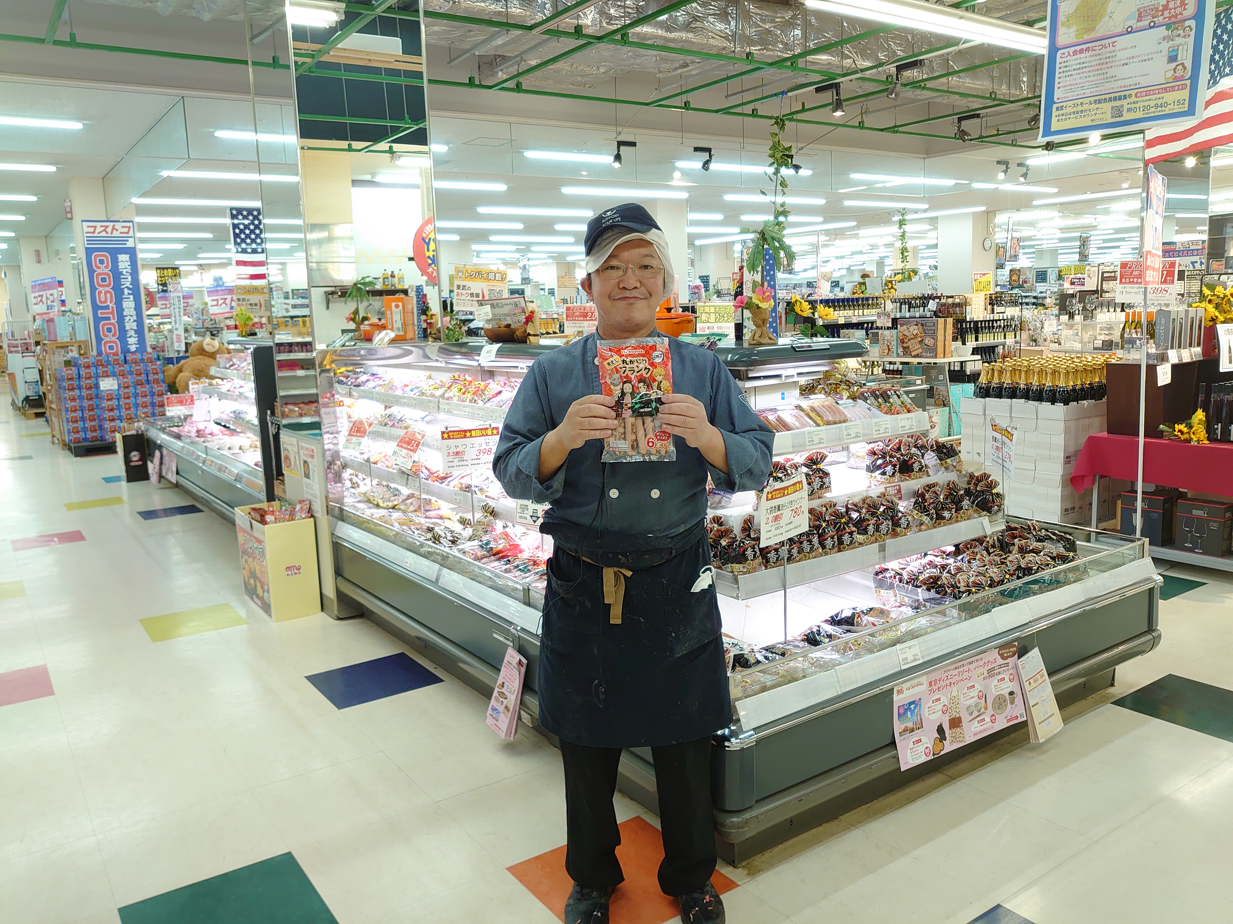 おはようございます。ミート担当近藤です。フランクフルトに、「鬼滅の刃」のキャラクターイラストがついています。串を持ったときにどちらからでもイラストが見えるように表と裏のキャラクターの向きを逆にしています。原料肉に豚肉を使用し、ホットプレート調理やバーベキューなどに最適な串刺しフランクです。
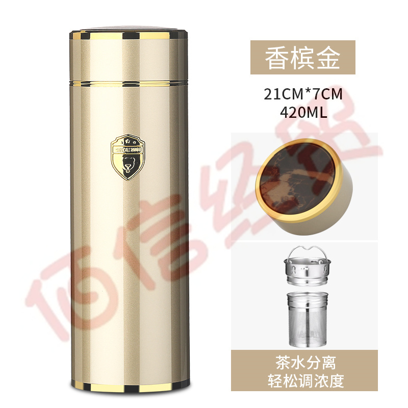 匡迪(DKADI) 匡迪保溫杯水杯不銹鋼真空保溫杯高真空頭內(nèi)304不銹鋼手提繩保溫杯男女 金色 450ml
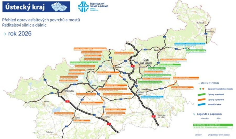 Ústecko - Nová stavební sezóna je tu. Přípravy vrcholí a s příchodem jara začneme v Ústeckém kraji s další vlnou oprav na silnicích I. třídy i na dálnicích. To jsou věty z tiskové zprávy Ředitelství silnic a dálnic (ŘSD), ve které státní podnik informuje o plánovaných stavebních akcích v Ústeckém kraji.
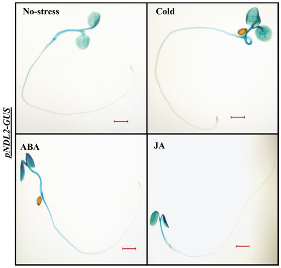 In vivo histochemical analysis of GUS activity for NDL2 in wild type Col-0 background in response to different abiotic stresses and hormones: Histochemical GUS staining of 6-D-old transgenic Arabidopsis seedlings (pNDL2-GUS) in wild type Col-0 background. Increased intensity levels of GUS staining detected with ABA, cold, and JA. Result shown is representative of three independent biological replicates (n ≥ 10 in each experiment). Scale Bar = 0.2 μM.
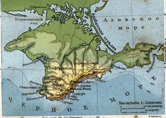 Полуостров Крым соединен с материком узким (около 7 верст) Перекопским перешейком и занимает меньше половины Таврической губернии. Его большая северная часть , почти три четверти всего полуострова, составляет продолжение Новороссии и ничем не отличается от последней. Наоборот, южная часть представляет собой такие резкие отличия в рельефе, природе и населении, что несмотря на свою незначительную величину, выделяется в отдельную область, которая собственно и носит название Крым. Это небольшая горная страна, занимающая в длину около 107, а в ширину около 30 верст; между горами и морем лежит узкая (2 – 8 верст) полоса земли – южный берег Крыма.
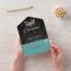 Fiesta de cumpleaños de bonito Quinceañera, todo en una invitación, hecho en un patrón negro sobre damasco negro, en el interior, con una libélula pastel bonito, en la parte superior. El exterior está decorado con un damasco acuático. Personalice el texto del personalizado para su día especial de chica favorito.
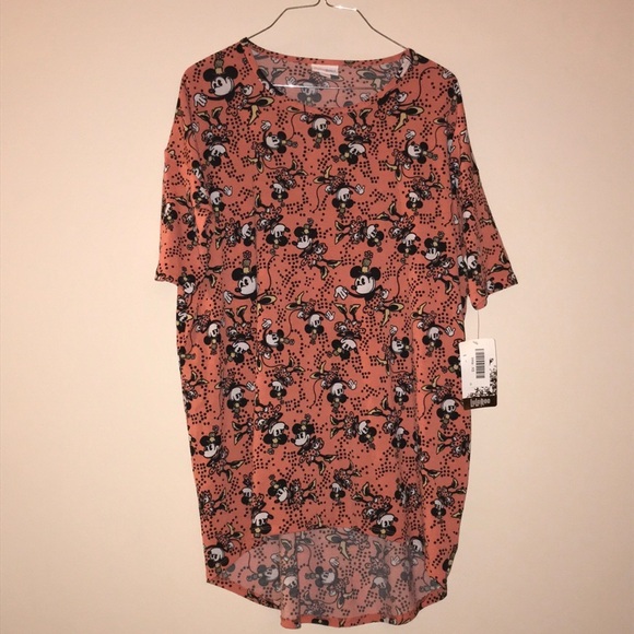 NWT Minnie Mouse LuLaRoe Top, size XS, Irma, peach background with Minnie Mouse, new with tags, comes from a smoke/pet free home.
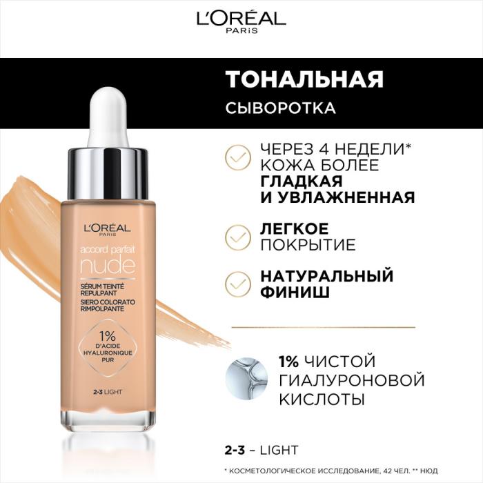 ACCORD PARFAIT NUDE - первая гиалуроновая тональная сыворотка с рекордным содержанием чистой гиалуроновой кислоты 1%. Мгновенно выравнивает тон кожи, как тональное средство и повышает упру гость кожи как сыворотка. Легкое покрытие и сияние здоровой кожи. Молекула гиалуроновой кислоты заполняет морщины изнутри, и уже через 6 недель использования кожа становится более гладкой и упру гой, а морщинки заметно сокращены. Вся сила сыворотки с гиалуроновой кислотой теперь в тональном средстве! Доступно в 4-х оттенк
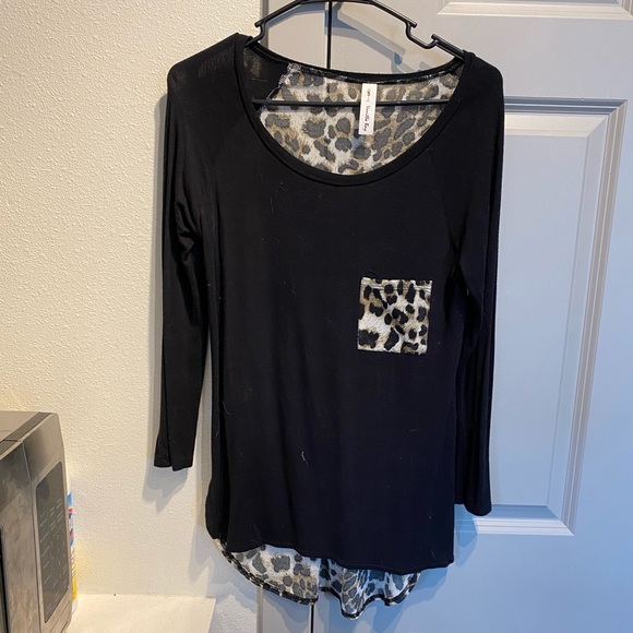 Leopard print back (sheer), with leopard print pocket on front. Hi-lo hemline, relaxed fit, tunic.
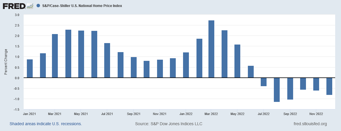 It is worth noting the most significant declines in home prices occurred around August and September, nearly two months before mortagage rates peaked near 7% for a 30-year mortgage.
******
**Assignment**
Copy nothing but the lines from the top of the data down to the line containing "Полуостров Крым соединен", and leave the pictures out.

**Expected answer**
 おはようございます。ミート担当近藤です。フランクフルトに、「鬼滅の刃」のキャラクターイラストがついています。串を持ったときにどちらからでもイラストが見えるように表と裏のキャラクターの向きを逆にしています。原料肉に豚肉を使用し、ホットプレート調理やバーベキューなどに最適な串刺しフランクです。
 匡迪(DKADI) 匡迪保溫杯水杯不銹鋼真空保溫杯高真空頭內(nèi)304不銹鋼手提繩保溫杯男女 金色 450ml
 Ústecko - Nová stavební sezóna je tu. Přípravy vrcholí a s příchodem jara začneme v Ústeckém kraji s další vlnou oprav na silnicích I. třídy i na dálnicích. To jsou věty z tiskové zprávy Ředitelství silnic a dálnic (ŘSD), ve které státní podnik informuje o plánovaných stavebních akcích v Ústeckém kraji.
 In vivo histochemical analysis of GUS activity for NDL2 in wild type Col-0 background in response to different abiotic stresses and hormones: Histochemical GUS staining of 6-D-old transgenic Arabidopsis seedlings (pNDL2-GUS) in wild type Col-0 background. Increased intensity levels of GUS staining detected with ABA, cold, and JA. Result shown is representative of three independent biological replicates (n ≥ 10 in each experiment). Scale Bar = 0.2 μM.
 Полуостров Крым соединен с материком узким (около 7 верст) Перекопским перешейком и занимает меньше половины Таврической губернии. Его большая северная часть , почти три четверти всего полуострова, составляет продолжение Новороссии и ничем не отличается от последней. Наоборот, южная часть представляет собой такие резкие отличия в рельефе, природе и населении, что несмотря на свою незначительную величину, выделяется в отдельную область, которая собственно и носит название Крым. Это небольшая горная страна, занимающая в длину около 107, а в ширину около 30 верст; между горами и морем лежит узкая (2 – 8 верст) полоса земли – южный берег Крыма.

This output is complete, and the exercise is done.